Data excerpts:
········

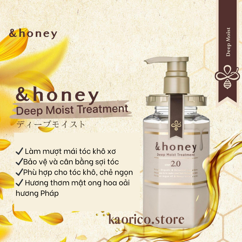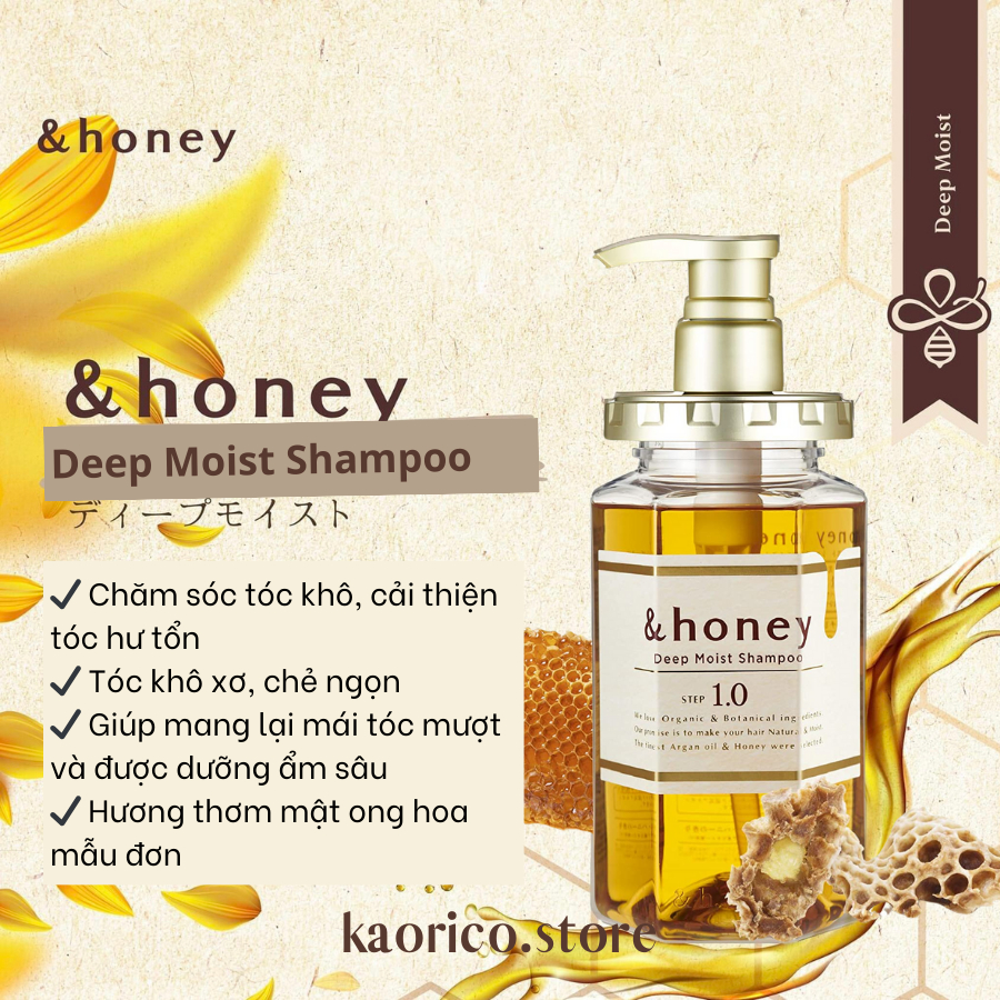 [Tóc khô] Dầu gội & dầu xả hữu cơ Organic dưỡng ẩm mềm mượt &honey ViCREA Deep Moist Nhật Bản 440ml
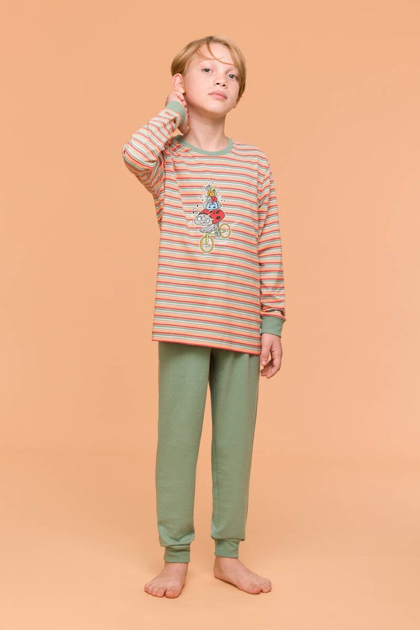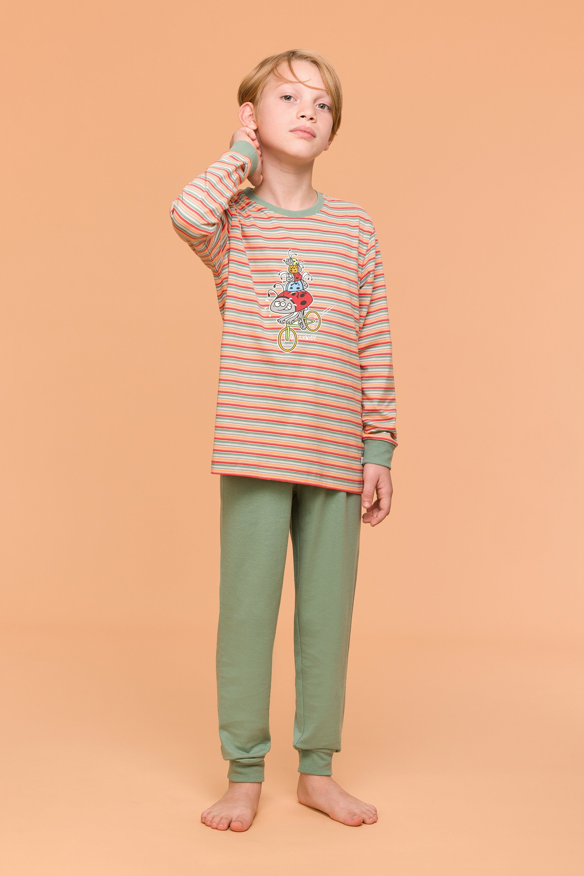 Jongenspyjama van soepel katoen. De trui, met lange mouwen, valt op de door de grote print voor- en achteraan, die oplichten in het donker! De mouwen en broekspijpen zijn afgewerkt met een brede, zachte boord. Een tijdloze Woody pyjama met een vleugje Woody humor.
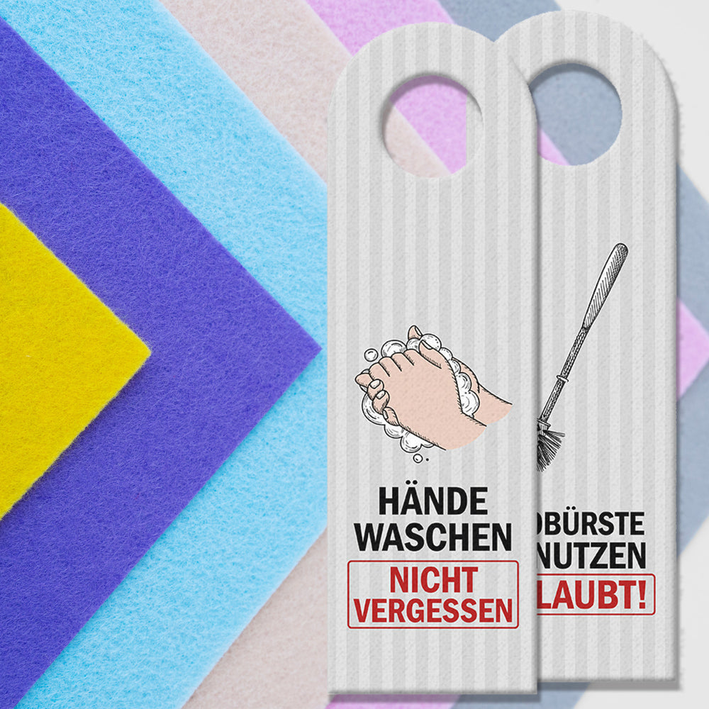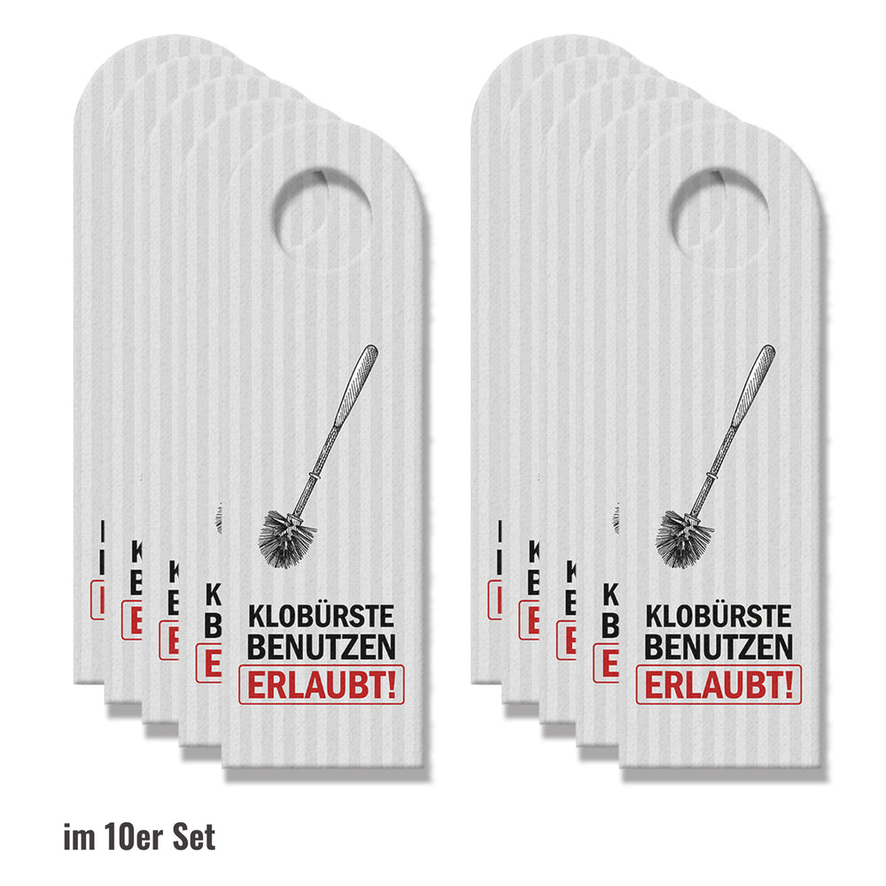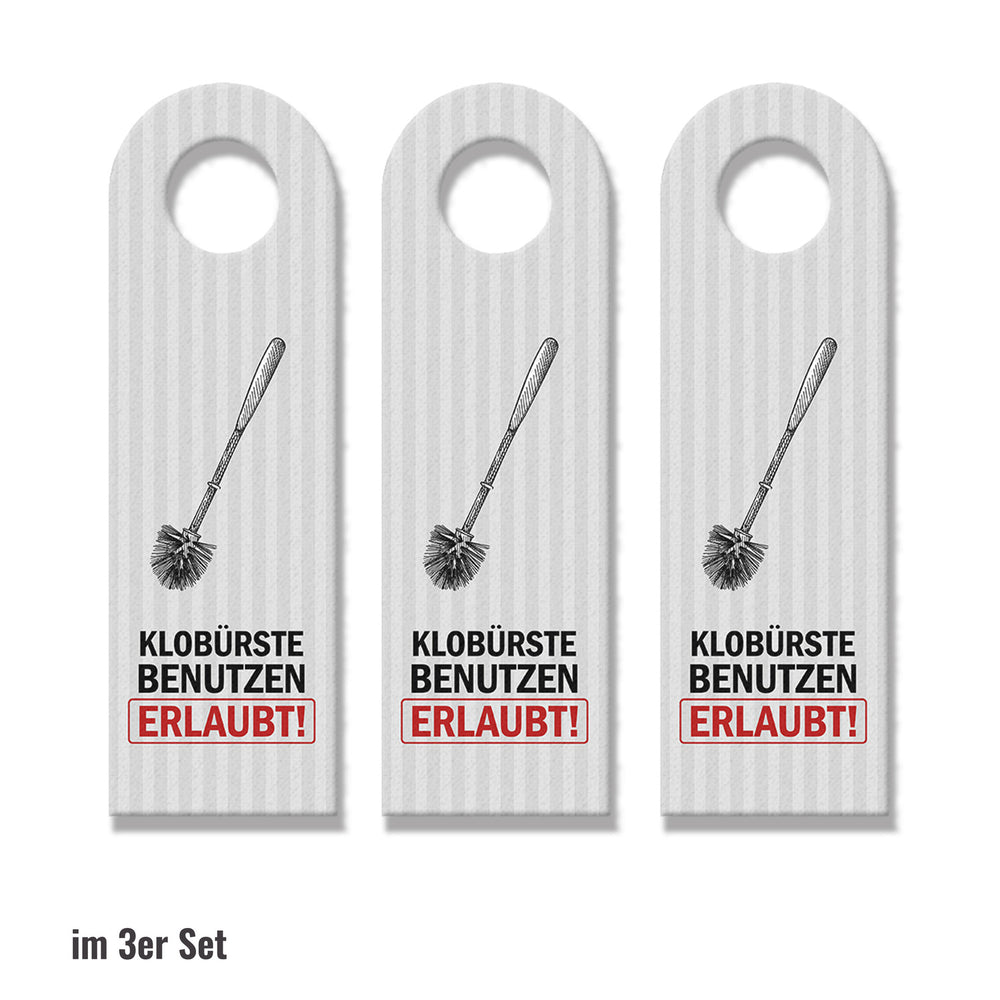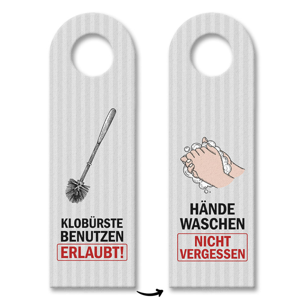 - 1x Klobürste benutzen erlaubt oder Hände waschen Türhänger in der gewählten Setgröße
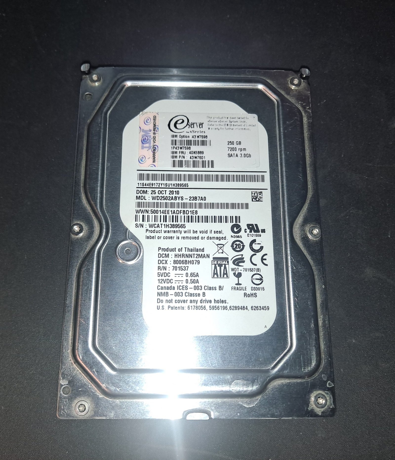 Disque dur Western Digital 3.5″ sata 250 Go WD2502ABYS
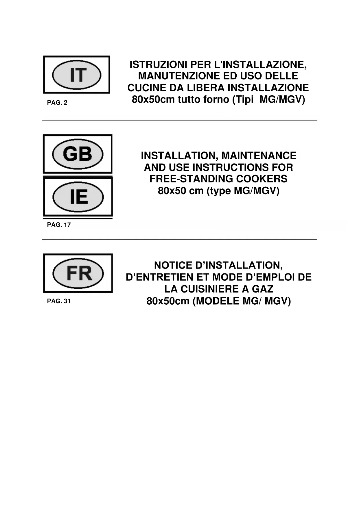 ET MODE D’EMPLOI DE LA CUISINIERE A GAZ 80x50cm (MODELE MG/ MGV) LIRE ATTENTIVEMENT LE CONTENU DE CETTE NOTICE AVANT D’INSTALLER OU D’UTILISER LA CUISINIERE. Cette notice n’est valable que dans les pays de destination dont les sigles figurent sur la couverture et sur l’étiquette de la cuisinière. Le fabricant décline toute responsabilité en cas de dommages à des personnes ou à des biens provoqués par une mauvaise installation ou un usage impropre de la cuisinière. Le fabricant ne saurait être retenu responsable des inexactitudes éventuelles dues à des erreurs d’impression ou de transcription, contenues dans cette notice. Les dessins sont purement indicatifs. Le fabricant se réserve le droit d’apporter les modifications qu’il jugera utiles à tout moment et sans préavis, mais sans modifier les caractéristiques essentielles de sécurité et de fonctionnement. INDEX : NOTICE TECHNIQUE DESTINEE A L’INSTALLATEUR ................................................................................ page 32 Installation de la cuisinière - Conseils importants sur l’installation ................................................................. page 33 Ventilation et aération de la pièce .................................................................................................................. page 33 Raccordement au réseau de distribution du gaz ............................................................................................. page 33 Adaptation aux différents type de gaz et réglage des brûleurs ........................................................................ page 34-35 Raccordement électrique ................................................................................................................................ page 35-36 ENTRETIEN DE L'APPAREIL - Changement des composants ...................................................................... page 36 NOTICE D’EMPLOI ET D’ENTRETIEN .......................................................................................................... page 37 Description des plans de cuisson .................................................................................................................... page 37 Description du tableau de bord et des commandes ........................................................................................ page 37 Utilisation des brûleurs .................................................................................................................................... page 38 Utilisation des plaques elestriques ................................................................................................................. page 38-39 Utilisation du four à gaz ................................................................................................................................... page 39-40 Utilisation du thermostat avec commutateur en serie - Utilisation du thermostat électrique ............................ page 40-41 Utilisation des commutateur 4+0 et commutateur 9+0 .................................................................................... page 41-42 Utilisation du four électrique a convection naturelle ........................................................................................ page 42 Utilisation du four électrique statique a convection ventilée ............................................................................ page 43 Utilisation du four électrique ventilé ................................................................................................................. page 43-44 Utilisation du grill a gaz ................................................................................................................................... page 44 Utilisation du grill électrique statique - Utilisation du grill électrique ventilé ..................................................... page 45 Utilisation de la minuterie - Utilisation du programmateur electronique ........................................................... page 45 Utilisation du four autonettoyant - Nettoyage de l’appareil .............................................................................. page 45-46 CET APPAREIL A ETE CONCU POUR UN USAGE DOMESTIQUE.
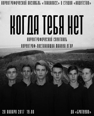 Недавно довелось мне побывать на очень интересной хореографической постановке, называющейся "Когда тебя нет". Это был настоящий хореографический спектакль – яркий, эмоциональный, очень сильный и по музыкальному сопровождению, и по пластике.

········

▸ ASSIGNMENT: How would the lines above read from the one with "- 1x Klobürste" to the one with "Disque dur Western", inclusive, with no pictures? Write them out exactly.

▸ SOLUTION TO THIS EXERCISE:
 - 1x Klobürste benutzen erlaubt oder Hände waschen Türhänger in der gewählten Setgröße
 Disque dur Western Digital 3.5″ sata 250 Go WD2502ABYS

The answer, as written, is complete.